Adding radiotherapy to immunotherapy seems promising, as PD-L1 upregulation was seen in mice due to irradiation [47]. Combining these two therapies seems to provide a large benefit with acceptable toxicities [47,48,49]. The phase II trial in NSCLC showed some promising preliminary results of adding radiotherapy to induction durvalumab increasing MPR significantly from 6.7% to 53.3% compared to durvalumab alone [50]. Further results on this regimen, however, are pending. In general, this combination makes the ideal treatment scheme for patients with locally advanced lung cancer more promising, though also more complex to fine-tune.

In the adjuvant setting, immunotherapy seems to be promising as well. The IMPower010 trial showed a better DFS with adjuvant immunotherapy compared to chemotherapy in resected stage IB-IIIA patients [55]. Many other trials are pending, some specific for N2 disease [56,57].

Osimertinib has already an established value as adjuvant treatment in resected patients with EGFR mutations, based on the ADAURA trial showing a significant improvement in two-year DFS with osimertinib vs. placebo [6,8,62]. When evaluating neoadjuvant targeted therapies, these treatments are regarded as safe and feasible [9,61]. In a subgroup analysis of 68 patients with N2 disease extracted from three studies, mediastinal downgrading was achieved in 14%. No pCR was seen [61]. The EMERGING CTONG 1103 trial did show improvement towards PFS in favour of erlotinib, though recently, no difference in OS was reported [58]. The same conclusion regarding survival was observed in another phase II trial [59].

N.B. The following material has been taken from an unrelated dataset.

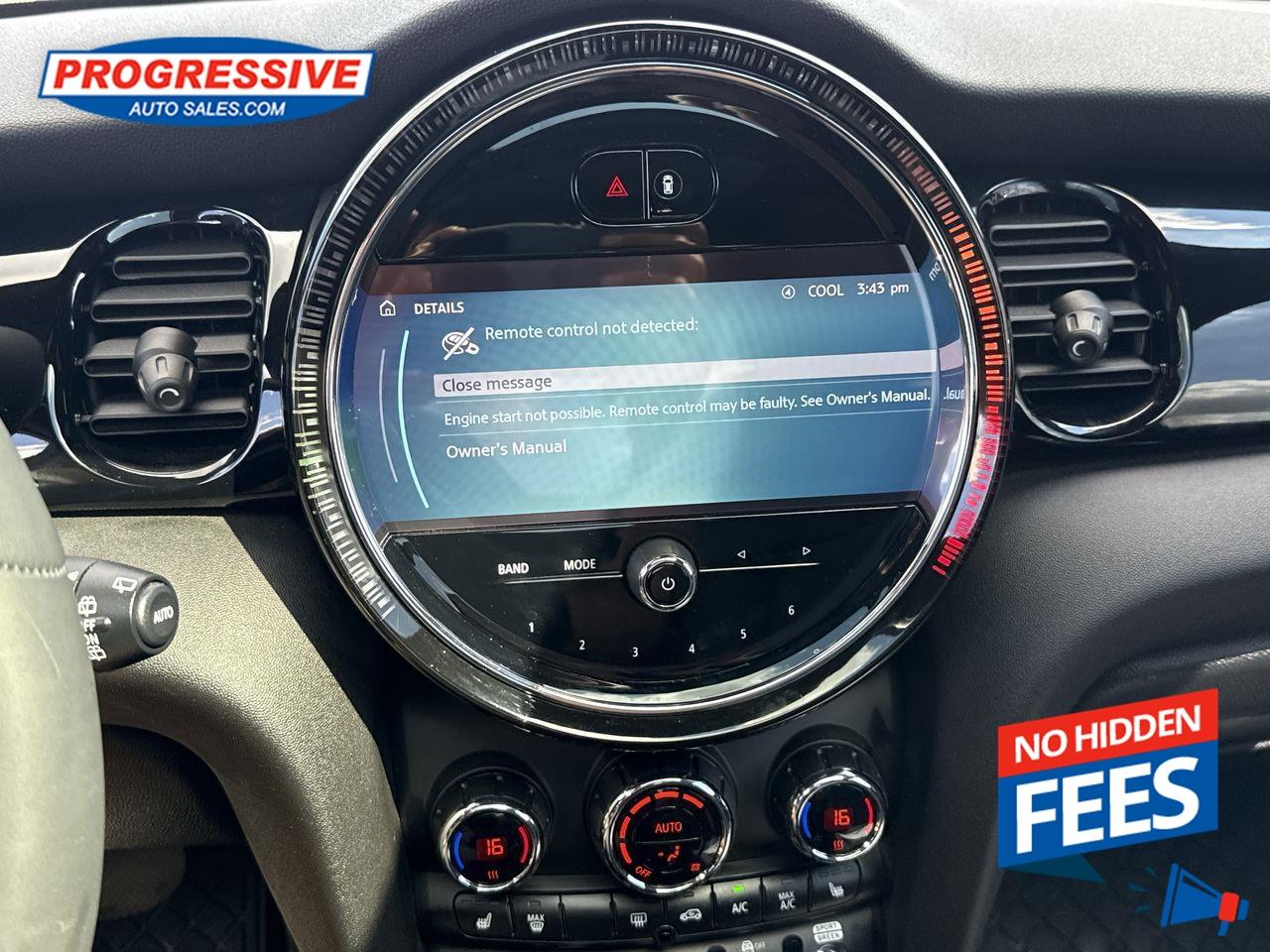 Our 3 Door's trim level is Cooper S. This MINI Cooper S steps things up with enhanced performance, quasi-dual stainless steel exhaust tips, Revolite spoke wheels and automatic climate control. Also standard include front seats with cushion extension and lumbar support, LED headlights with automatic high beams and cornering function, front and rear fog lamps, cruise control with steering wheel controls, a leather-wrapped steering wheel, rear park distance control, and leatherette seating upholstery. Additional features also include forward collision mitigation, front and rear cupholders, push button start, and even more! This vehicle has been upgraded with the following features: Climate Control, Synthetic Leather Seats, Forward Collision Mitigation, Led Lights, Air Conditioning, Cruise Control, Rear Camera.

Another trial showed an improved radical resection rate and a correlation between TP53 mutation burden and PFS. Therefore, performing next generation sequencing is increasingly important in a non-metastatic setting and needs to be further explored [60].

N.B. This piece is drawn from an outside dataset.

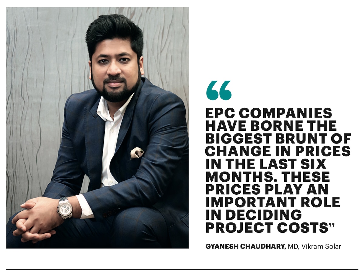 However, the pandemic changed this. Production and supply chain problems due to lockdowns, apart from high shipping freight rates and labour issues, pushed up prices of raw materials such as polysilicon, steel, aluminium, copper, PV glass and films. Solar panel prices rose 20-40 per cent. A fire at GCL Silicon’s polysilicon plant at Xinjiang in China early this month is expected to reduce global polysilicon production by another 10 per cent, further pushing up prices. “Solar EPC companies have borne the biggest brunt of change in prices in the last six months. Prices of all base metals went up by 20-40 per cent. These prices play an important role in deciding project costs,” says Gyanesh Chaudhary, Managing Director, Vikram Solar, India’s largest solar equipment maker.

Considering unresectable stage IIIA-N2 disease, more definite recommendations can be provided. Concurrent chemoradiation is advised [19]. In the recent 2021 update of both ESMO and NCCN, durvalumab as consolidation therapy is advised in patients with PD-L1 levels ≥ 1% if no progression is noted [6,8]. This recommendation was based on the PACIFIC trial. Both PFS and OS were significantly higher favouring durvalumab [64]. These same results were seen in the LUN 14-179 trial [65].

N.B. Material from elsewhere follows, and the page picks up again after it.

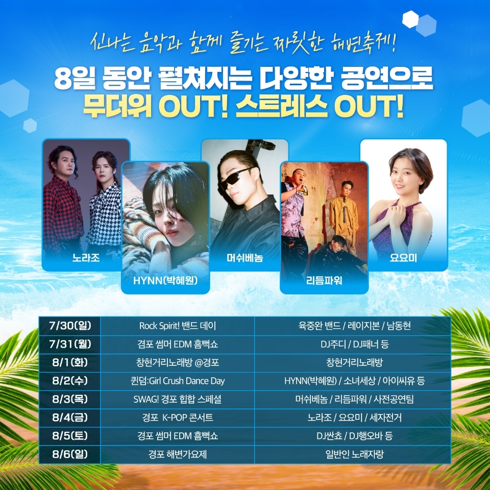 30일 록밴드 데이에는 육중완 밴드와 레이지본, 8월 2일 디바데이에는 박혜원(HYNN), 8월 3일 힙합 공연에는 머쉬베놈, 리듬파워. 8월 4일 K-POP 콘서트에는 노라조와 요요미 등이 무대를 가득 채운다.

Currently, many trials such as the NICOLAS trial [67], the AFT-16 trial [69], the DETERRED trial [70], the EA5181 trial [72], and the PACIFIC2 trial [71] are ongoing, investigating the role of the concomitant use of ICI with concurrent CRT.

5. Conclusions

The ideal treatment in case of mediastinal lymph node involvement in stage IIIA-N2 NSCLC is still a source of controversy. Many studies try to elucidate optimal treatment in this heterogenous group. Multidisciplinary teams are of paramount importance to evaluate each case and to determine whether complete resection is feasible. N2 subcategories are yet to be further evaluated and may need to be separately investigated in future trials. Neoadjuvant chemoradiotherapy plus surgery is recommended by recent guidelines in resectable N2 disease; others suggest neoadjuvant or adjuvant chemotherapy. Involvement of multiple N2 stations still remains the most heterogenous group with different recommendations. Immunotherapy and targeted therapy are showing promising results in both response rate and/or DFS. No guidelines can yet be provided, though neoadjuvant immunochemotherapy seems to be superior in stage IIIA-N2 disease. In completely resected N2 disease, PORT is not advised. Adjuvant osimertinib is already recommended in stage IB-IIIa patients with EGFR mutations who underwent a complete resection. In unresectable N2 disease, concurrent chemoradiotherapy still remains the gold standard with durvalumab as consolidation therapy in the case of PD-L1 levels ≥1%.